**What you have to do:** Beginning with the line containing "This ring has" and ending with the line containing "three hundred of", write out each line of the records below exactly; pictures and lines outside that range are left out.
***** Excerpted data
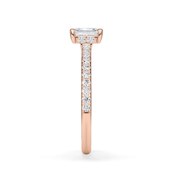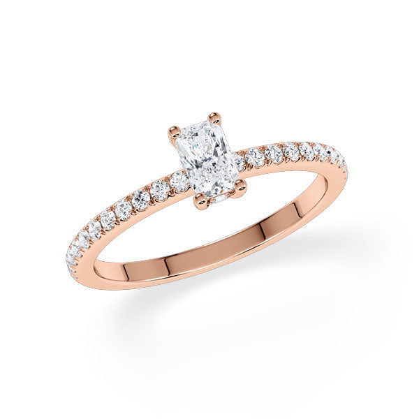 Verlobungsring Radiant Hidden Halo & Pavé Rosegold/- 750 mit Diamant ab 0.50ct
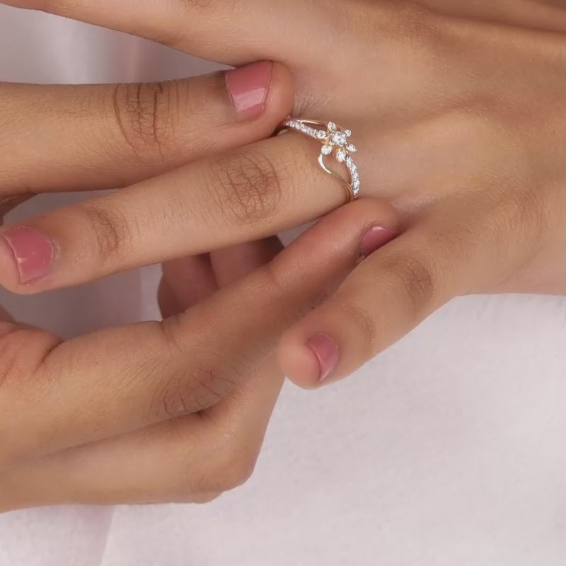 This ring has a flower motif with a classic design set with lab grown diamonds, and the band is also studded with lab grown diamonds.
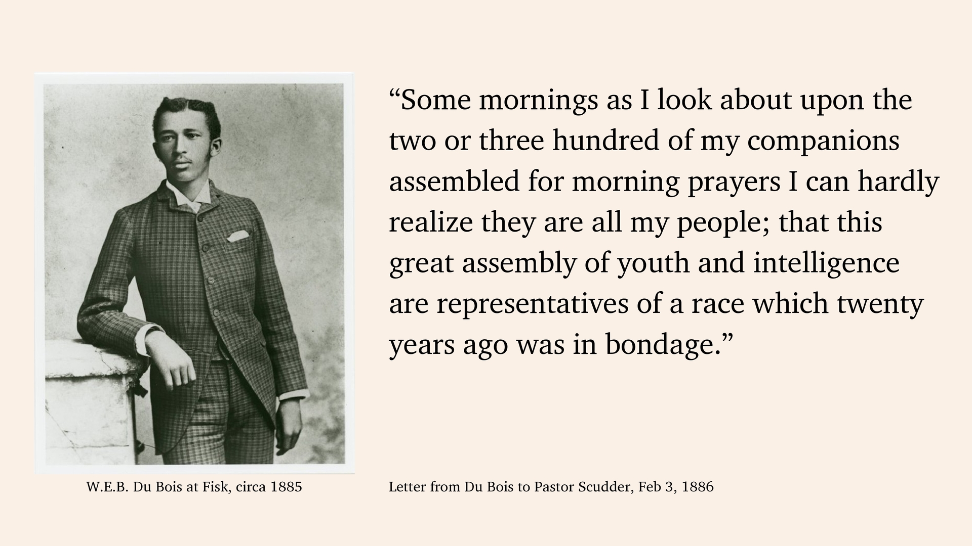 three hundred of my companions assembled for morning prayers I can hardly realize they are all my people; that this great assembly of youth and intelligence are representatives of a race which twenty years ago was in bondage.” Letter from Du Bois to Pastor Scudder, Feb 3, 1886 W.E.B. Du Bois at Fisk, circa 1885
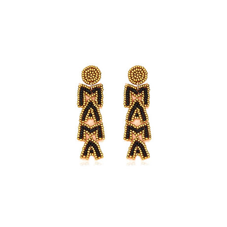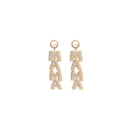Aretes largos de perlas con diseño de letra de mamá
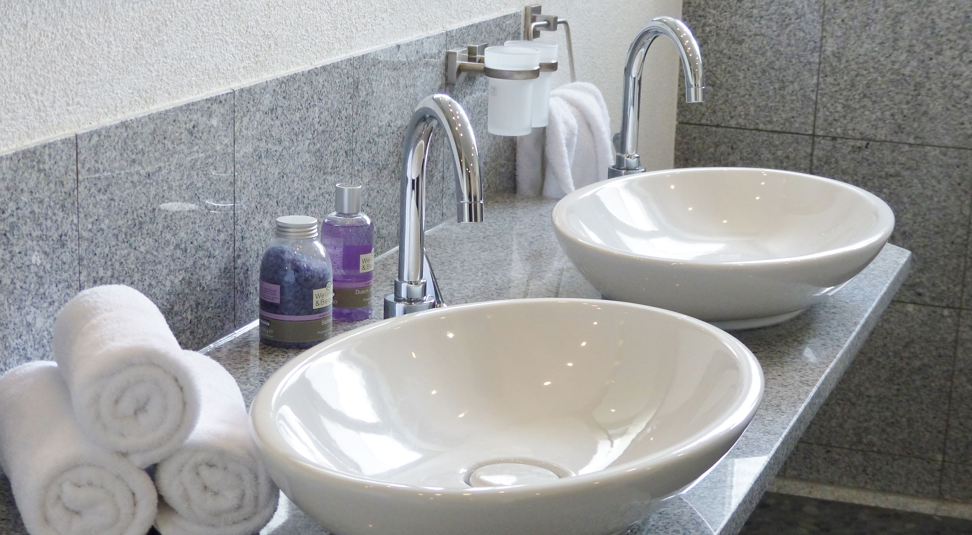 • Echtglas-Walk-In-Dusche, 2 Waschtische, Fön, Fenster mit Sichtschutz, Granitfußboden, Markenarmaturen bzw. -objekte
**********
**Answer to this problem:**
 This ring has a flower motif with a classic design set with lab grown diamonds, and the band is also studded with lab grown diamonds.
 three hundred of my companions assembled for morning prayers I can hardly realize they are all my people; that this great assembly of youth and intelligence are representatives of a race which twenty years ago was in bondage.” Letter from Du Bois to Pastor Scudder, Feb 3, 1886 W.E.B. Du Bois at Fisk, circa 1885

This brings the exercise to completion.